= John Ramsay (British Army officer) =

British army officer and Member of Parliament

Lieutenant General Hon John Ramsay (21 April 1775 - 28 June 1842) was a British army officer and briefly a Member of Parliament.

Ramsay was the fourth son of George Ramsay, 8th Earl of Dalhousie. His brother was William Maule.

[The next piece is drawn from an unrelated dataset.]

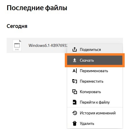 - Откроется страница с содержимым Яндекс Диска — там будет ранее сохраненный файл. Нажимаем на нем правой кнопкой мыши, и выбираем «Скачать«. После этого, начнется скачивание необходимого файла.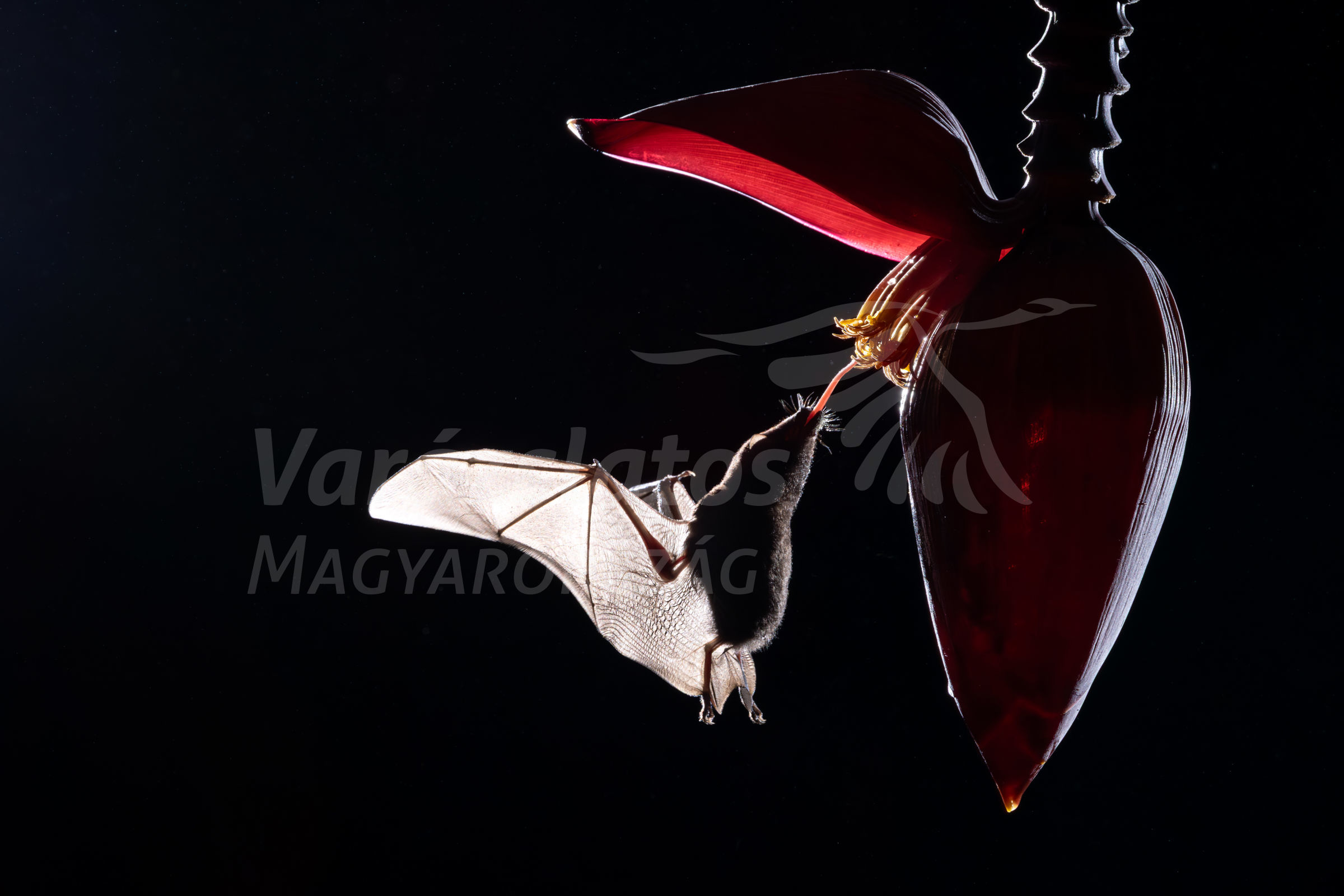 Egy apró nektárdenevér könnyed mozdulattal gyűjti a táplálékát a virágból.

He became an Ensign by purchase in the 9th Regiment of Foot 1793, transferring to be a Lieutenant in Captain Marlay’s Independent Company of Foot later that year, and transferring to the 57th Regiment of Foot also in 1793. He became a Captain in the 100th Regiment of Foot in 1794. He was wounded in 1799 at the Battle of Krabbendam

He was promoted to Major in the Regiment (now renumbered the 92nd) in 1803. On half-pay with the Clanalpine fencibles, he was appointed a Lieutenant Colonel in 1810, brevet Colonel in 1819 and to an unattached commission as Lieutenant Colonel in 1830. From 1831 to 1837, he was governor of Carlisle Castle under King William IV. He was Colonel of the 79th Regiment of Foot (Cameron Highlanders) from 1841 until his death. He was appointed a Lieutenant General in November 1841.

He served as Member of Parliament for Aberdeen Burghs from 1806 until 1807.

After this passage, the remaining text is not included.